We fed this information to a supervised machine-learning algorithm called information bottleneck. It knows the metadata corresponding to the file, the file size, the file’s owner, what the extension is and what project it belongs to. Of the 1.7 million files we had, approximately 170,000 files were used to train the system. All 170,000 files were given labels for each project they belonged to, and the learning algorithm searched for patterns in the metadata that would indicate which project it belonged to. Keep in mind that one of the projects had only 157 files out of the total of 1.7 million files, while others had hundreds of thousands of files.
We chose 10 percent of the files from each of these projects to train the system using information bottleneck. Then we took the remainder of the files and asked the system to predict, based on what it learned, which project it thought a new file (that it hadn’t seen before) belonged to. Because we had the project information for all 1.7 million files, we could compare the algorithm’s prediction to the actual project the file belonged to and estimate whether it was correct. You could think of finding different values for each of these projects, so one project could be more valued than others. Then you would naturally estimate how valuable a file is compared with another file, based on what projects exist.

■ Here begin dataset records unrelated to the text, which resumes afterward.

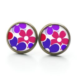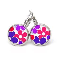 Druckknopf Ohrstecker Ohrhänger Clipse Flower Power rot blau violett 60er Jahre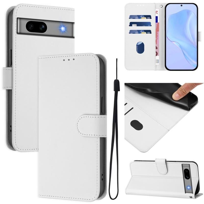 Για το Google Pixel 7a Skin Feel Solid Color Δερμάτινη θήκη τηλεφώνου με κορδόνι (λευκό)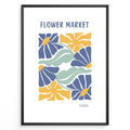 Paris Bloom Plakat | Flower Market Poster | Blå blomster med gule centre og grønne blade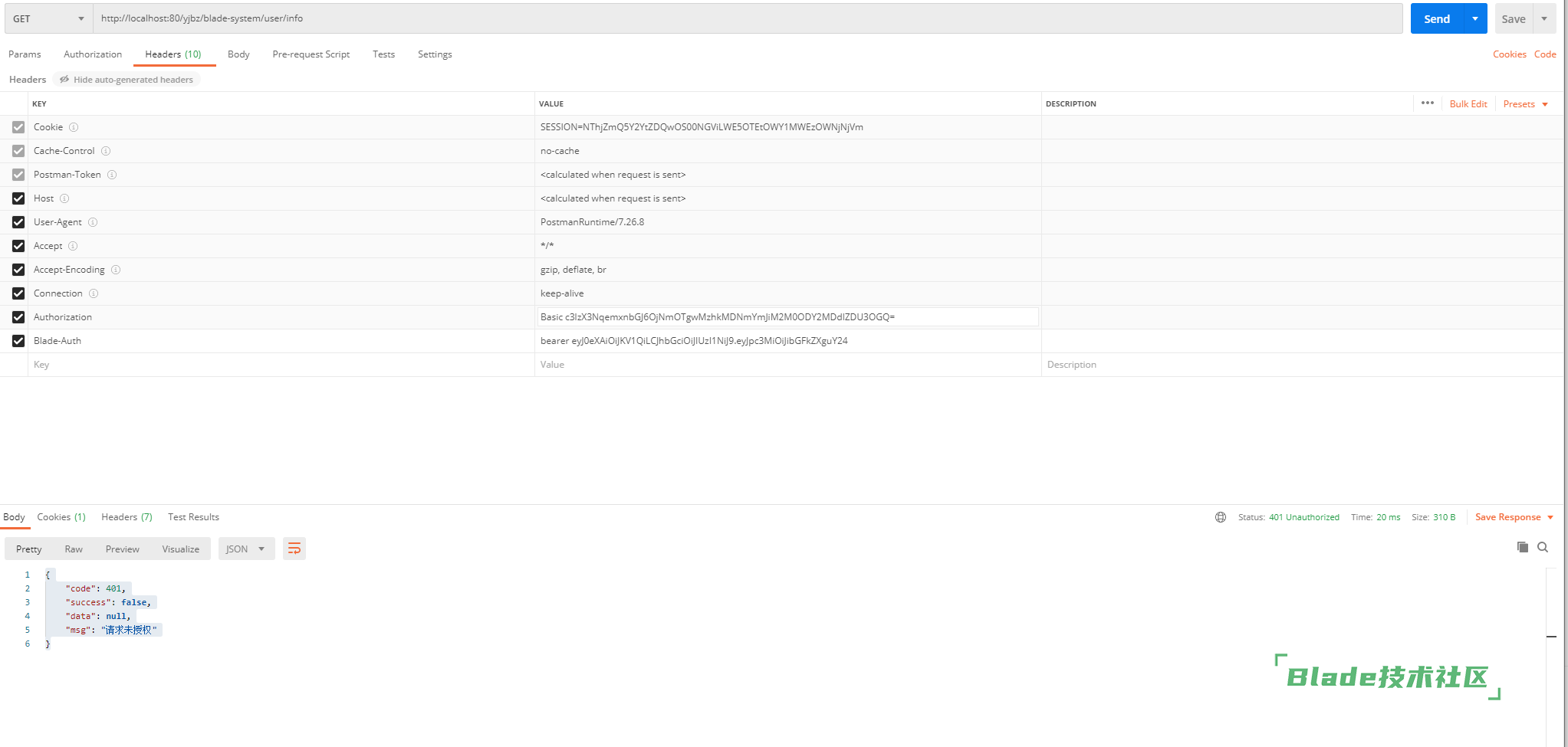 2. 本地postman执行接口http://localhost:80/yjbz/blade-system/user/info,已经将上一步的access_token放到请求头Blade-Auth中,同时Authorization为Basic c2FiZXI6c2FiZXJfc2VjcmV0,执行报未授权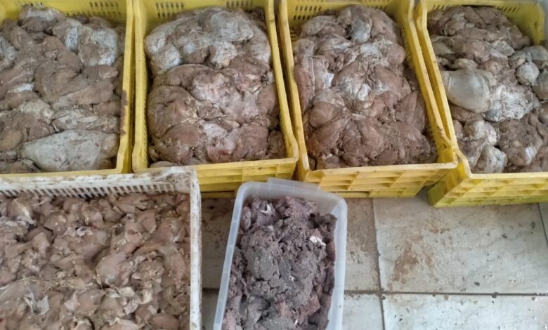 وقد أسفرت الحملات عن ضبط ثلاجة لحيازتها لحوم منتهية الصلاحية، بالإضافة إلى دواجن ومصنعات لحوم مجهولة المصدر، حيث تم التحريز والمصادرة للأصناف والكميات الآتية:300 كجم لحوم منتهية الصلاحية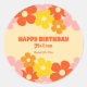 Retro Orange Colourful Boho Flower Happy Birthday Classic Round Sticker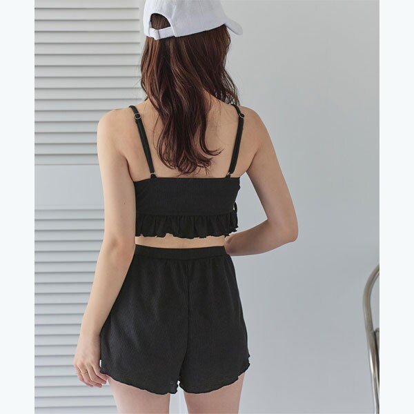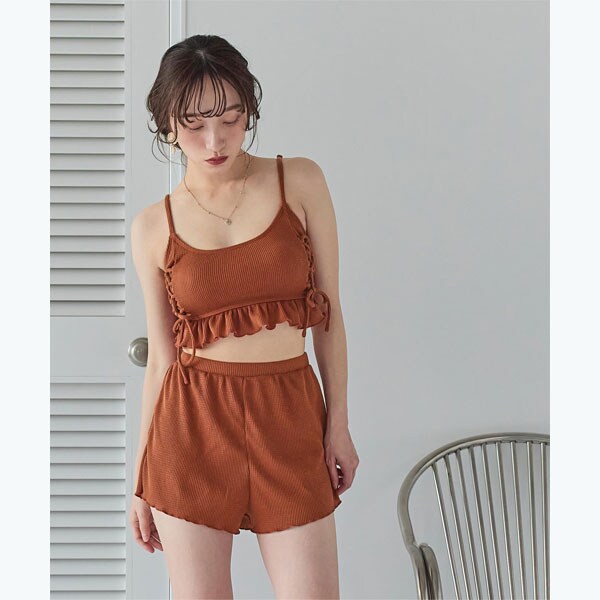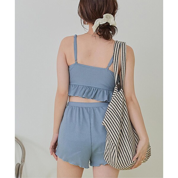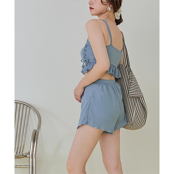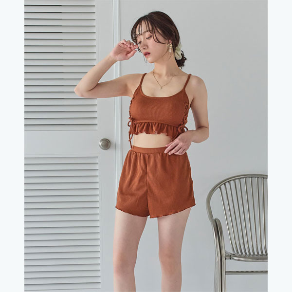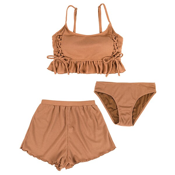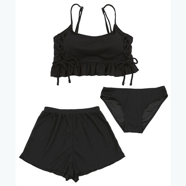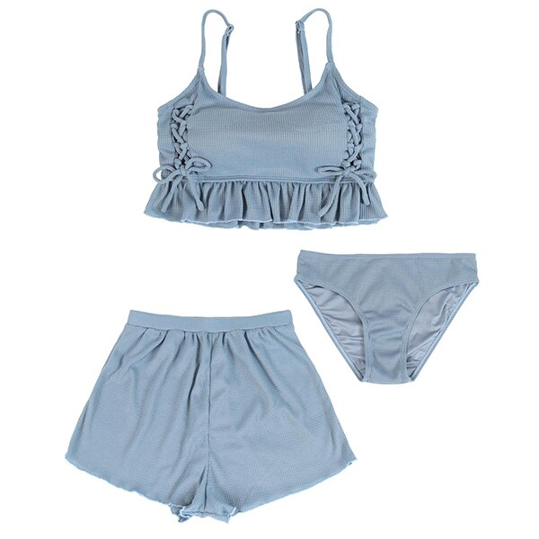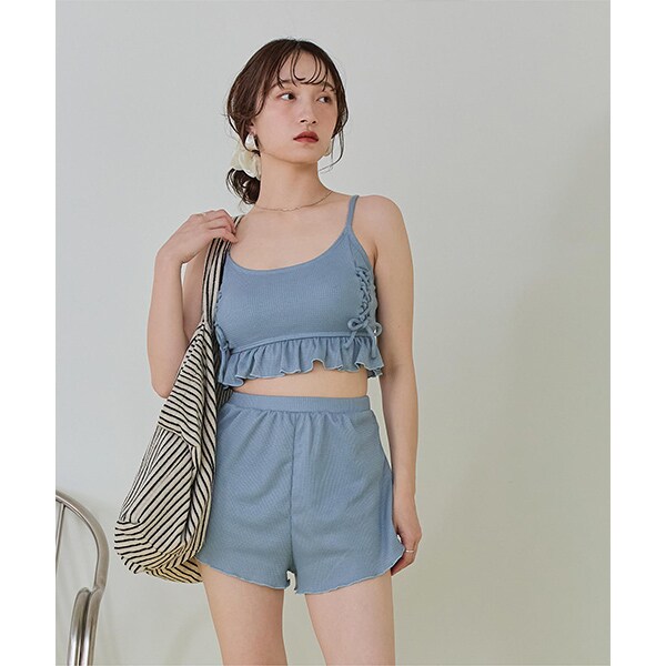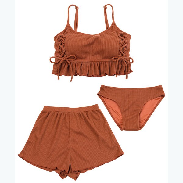 ビーチ映えする肌触りの良いミニワッフル素材のショートパンツ付きビキニ。

For ASTRON, the data sets are basically observations of the skies, so we have metadata that gives us information about the project investigator, who conducted an observation, what part of the sky investigators are looking at, what forces and galaxies were observed—all sorts of information. But this idea has applications beyond astronomy. Any large enterprise with big data could benefit. One reason for publishing the paper (bit.ly/2ixbOYH) was to interest enterprises in beta testing so we can fine-tune the cognitive storage system to find the system value of data in an enterprise context.
ISM: Do you think a seamless integration will occur between cognitive storage and cognitive computing?
GC: Yes, we think this technology integrates very well with IBM Watson* technology. For example, some APIs already available through Watson technology could be used for performing some of the analytics function in cognitive storage. Think about the Internet of Things in terms of data collection, such as weather or traffic. You can’t manually tackle that anymore—too much data exists, and it has different values—so you need some assistance in knowing what to file and where to file it. If you put everything on flash drives, you’re going to quickly eat up your IT budget. You must be smart about what you store long term versus short term, and the storage medium.
ISM: When do you think this technology will be available for clients?
GC: If we have a prototype in a year or less, another year or so will probably be needed to move to the next level. Meanwhile, we could start beta testing with some partners. Maybe two or three years down the road, we’ll have a product that’ll be available for clients.